It started as a roadside tea shack in 1988 but today Loch Fyne Oysters is a cluster of businesses supplying seafood to British hotels and airlines as well as 42 restaurants, and boasts an online retail site that sends oysters as far away as Hong Kong. The original Loch Fyne Oyster Bar, with its simple wood interior and front counter carved in the shape of a Norse long boat with a fancifully carved sea dragon on the prow to bring good luck, sits where it always has – just off the main road leading from Glasgow towards Inveraray in the Scottish Highlands. In the 25 years since it began selling oysters, Loch Fyne has gained a reputation for delivering quality and sustainably sourced seafood – a reminder that good food needn’t cost the earth.

I’m sitting with Virginia Sumsion whose uncle Johnny Noble was one of two original co-founders of Loch Fyne Oysters and who has been part of the family run business for 13 years. Virginia is an oyster neophyte turned evangelical. ‘Way back when, I didn’t know a thing about oysters, not even how to open one,’ she says making a quick twist with a specially designed French ‘huitre’ knife inserted into the small end of the oyster, followed by a sharp cut to the muscle that joins it to the shell. This is first part of my lesson in how to correctly open an oyster. Once the muscle has been cut from the shell, it should be transferred straight into the mouth. Preferably followed by a glug of dry Muscadet. I do as I’m told.

Lunch starts with half a dozen raw oysters, followed by another half dozen baked oysters with parmesan and topped off with hot smoked salmon, which I learn later during the tour of the smokehouse, gets its moist texture from the way it’s cured for 17 hours with salt and brown sugar, then cold smoked for 16 hours, then hot smoked for another four hours. The flavour is tinged with a hint of whisky from oak barrel shavings that fuel the fires.

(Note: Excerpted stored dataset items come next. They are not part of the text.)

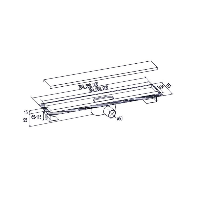 - Odtokový sprchový žľab Slim, bez roštu, 80x5,5 cm, nerez
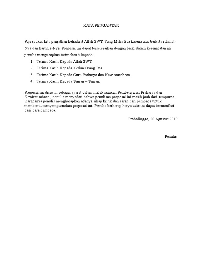 Kritik dan saran yang bersifat membangun sangat kami harapkan bagi para pembaca. Berhubung banyak yang request kata pengantar untuk proposal yang baik dan. Contoh dari proposal ini seperti proposal pendirian usaha kesimpulan. Kesimpulan dan saran tersebut, biasanya berada di bagian akhir dalam setiap makalah, yaitu pada bagian penutup. Saran umumnya menulis permintaan kepada pihak terkait.
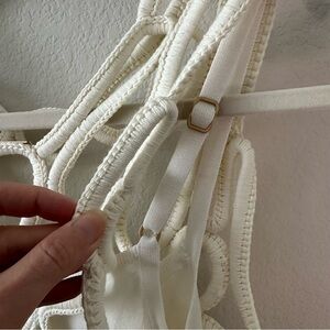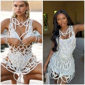 Cult Gaia Danica Crochet Sheer Mini Dress Coverup Off White SZ S
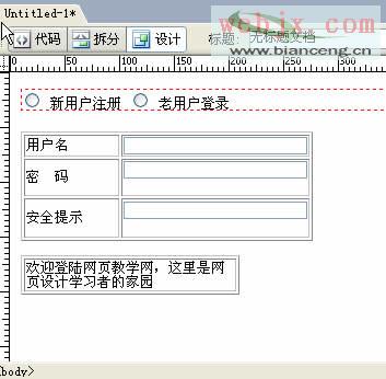 radiobutton1供新用戶注冊點擊,radiobutton2供老用戶登錄點擊。再添加一個表格,用來顯示新用戶的注冊登記區域。在表格中插入需要的相關元素、文字;再插入一個表格,用來顯示老用戶登錄區域,同樣在表格內插入相關內容。這樣,我們就簡單地設計好了界面。
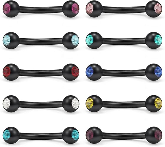 Amazon Com Ruifan Lot Of 10 Mix Color Double Jeweled Diamond Eyebrow Piercing Jewelry Curved Barbell With Ball Kit Eyebrow Tragus Lip Ring 16g 16 Gauge 8mm Black Jewelry
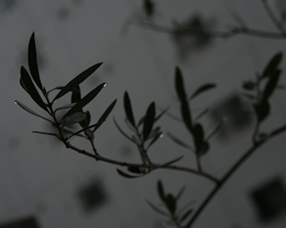 今朝はやく、ベランダのオリーブを見たらいつもと様子が、、、なになに?
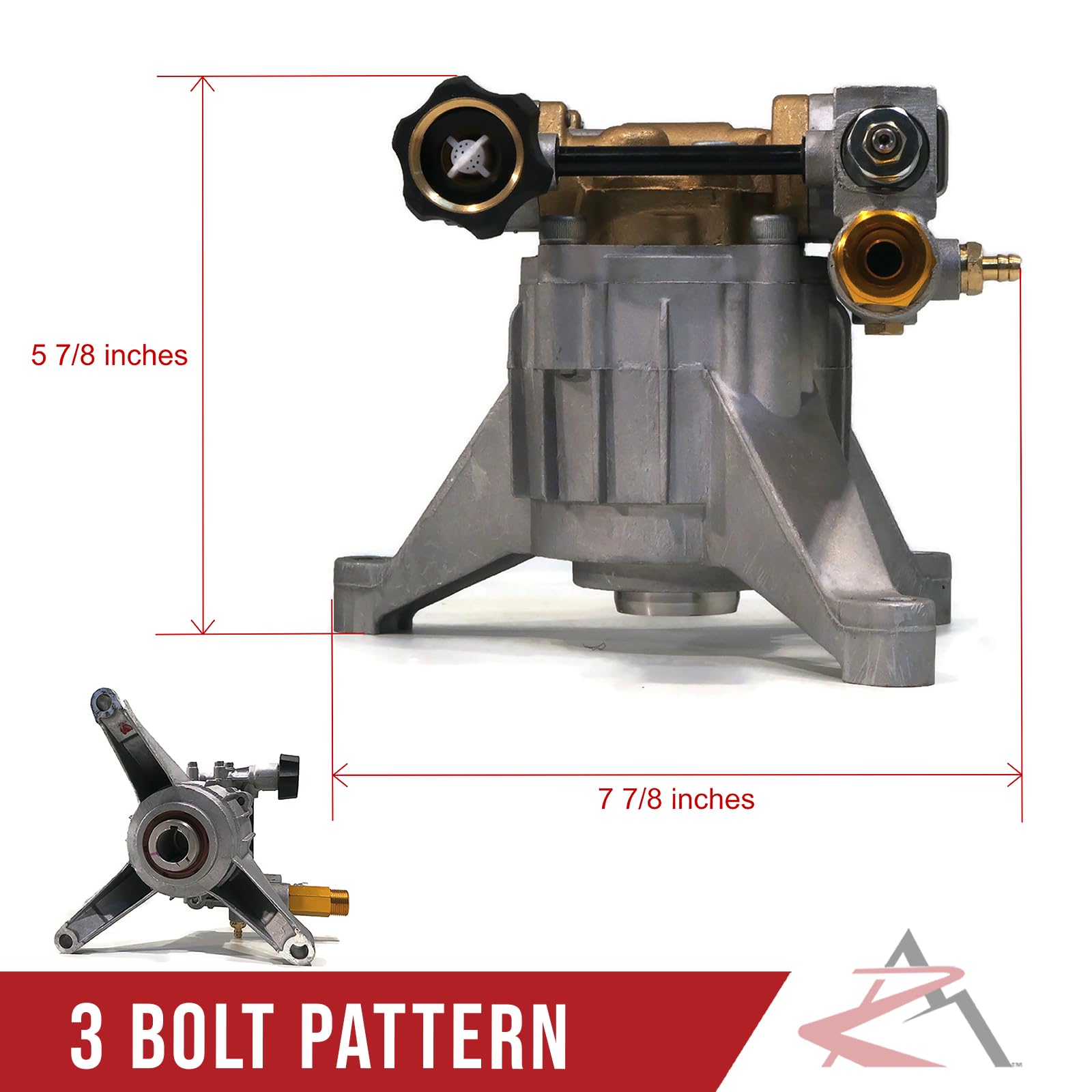 - FEATURE: Maximum Pressure: 3100 PSI. Max Flow: 2.5 GPM. Max Pump Speed: 3400 RPM. Shaft Diameter: 7/8" Shaft. 3 Bolt Pattern: 7 11/16” x 6 3/16” x 6 7/16” & 4" Center to Each Outer Hole. Max Water Temperature: 140° F. Inlet Connection Type: Standard Garden Hose. Outlet Tube Connection: 22mm Male. Chemical Hose - Inner Diameter: 1/4" (6mm). Outer Diameter: 3/8" (9mm). Length: 5'. Material: Rubber. Keyway - Overall Dimensions: 3/16" x 1/4" x 1 1/8"; Refer to images 2 and 3 for more information. This is the EZ version, which has the outlet facing the front
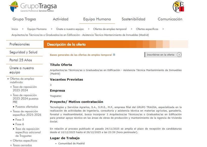 Tragsa publica nuevas plazas para Arquitectos/as Técnicos/as o Graduados/as en Edificación.
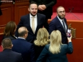 The head of the parliamentary group of the SP, Bledar Cuci and the MP Ermonela Felaj after a parliamentary session, in which opposition MPs tried to obstruct. After the vote, the agreement for migrants signed last November in Rome by Prime Minister Edi Rama and Italian Prime Minister Giorgia Meloni was approved, and the draft law for constructions in Protected Areas.

Oysters are reputed to be an aphrodisiac, thanks to their high levels of zinc. But if that doesn’t appeal, there’s also the fact that oysters have near-zero cholesterol, plenty of protein and are packed with minerals such as iron. ‘There has been a sea change in the public’s perception of fish as sustainable,’ Sumsion quips. By that she means, just like eggs, seafood was once bought without a second thought to how sustainably it was produced. Now you’d be hard pressed to not find yourself with anything other than free-range in your food basket. Thanks to the many campaigns highlighting the perilous state of our sea life, seafood is going through the same process. And with the current backlash against meat as a carbon-heavy and disease-inducing food, the idea that we should find alternatives has added more weight to the idea of a home-grown, sustainably-sourced fish-based diet. Enter Loch Fyne Oysters.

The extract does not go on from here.